The former NSA official held his thumb and forefinger close together: “We are that far from a turnkey totalitarian state.”
In the process—and for the first time since Watergate and the other scandals of the Nixon administration—the NSA has turned its surveillance apparatus on the US and its citizens. It has established listening posts throughout the nation to collect and sift through billions of email messages and phone calls, whether they originate within the country or overseas. It has created a supercomputer of almost unimaginable speed to look for patterns and unscramble codes. Finally, the agency has begun building a place to store all the trillions of words and thoughts and whispers captured in its electronic net. And, of course, it’s all being done in secret. To those on the inside, the old adage that NSA stands for Never Say Anything applies more than ever.

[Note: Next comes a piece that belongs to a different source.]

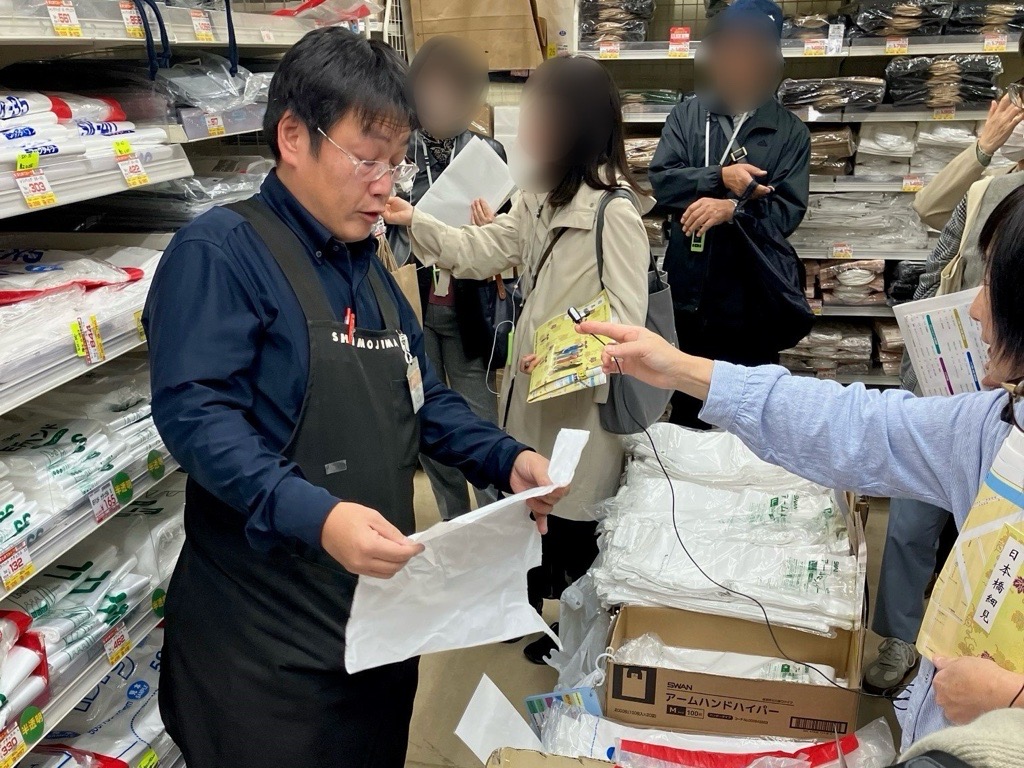今回の講座のスタート地点となったシモジマ馬喰横山店では、店舗の特徴や歴史などお話しをさせていただき、少しの時間ではありましたがフロアのご案内もさせていただきました。
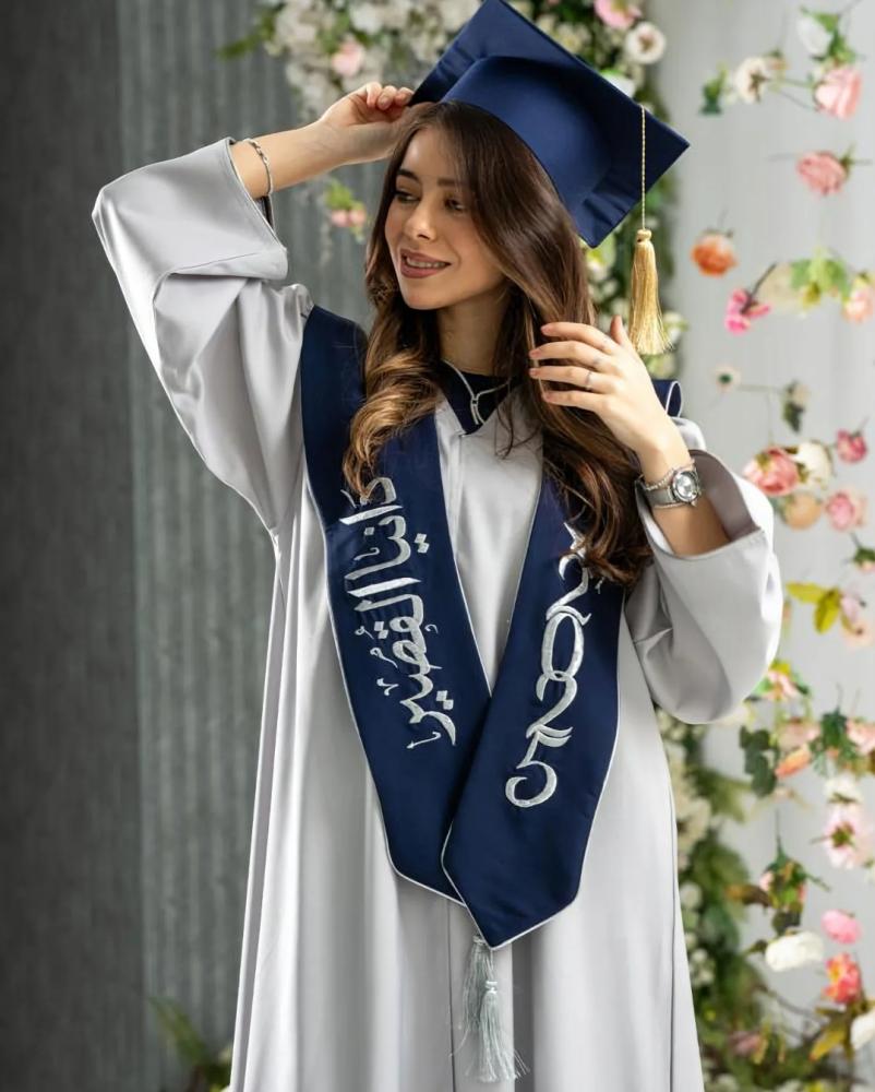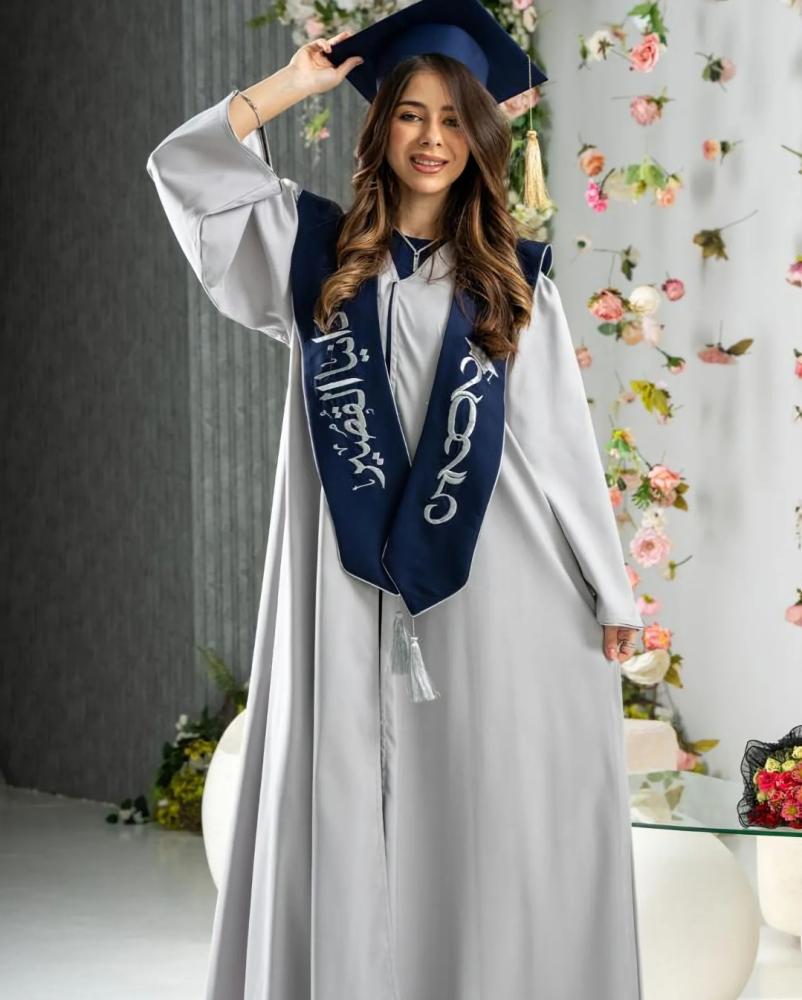 احصلي على إطلالة متكاملة وأنيقة في يوم تخرجك مع روب التخرج بلون الرصاصي الراقي، مرفق مع وشاح وقبعة كحلي، المصمم خصيصًا ليمنحك مظهرًا فخمًا واحتفاليًا يعكس فرحة الإنجاز. يأتي هذا الطقم من متجر رومكس ليجمع بين الجودة العالية والتصميم العصري في قطعة واحدة متكاملة.

He explains that the agency could have installed its tapping gear at the nation’s cable landing stations—the more than two dozen sites on the periphery of the US where fiber-optic cables come ashore. If it had taken that route, the NSA would have been able to limit its eavesdropping to just international communications, which at the time was all that was allowed under US law. Instead it chose to put the wiretapping rooms at key junction points throughout the country—large, windowless buildings known as switches—thus gaining access to not just international communications but also to most of the domestic traffic flowing through the US. The network of intercept stations goes far beyond the single room in an AT&T building in San Francisco exposed by a whistle-blower in 2006. “I think there’s 10 to 20 of them,” Binney says. “That’s not just San Francisco; they have them in the middle of the country and also on the East Coast.”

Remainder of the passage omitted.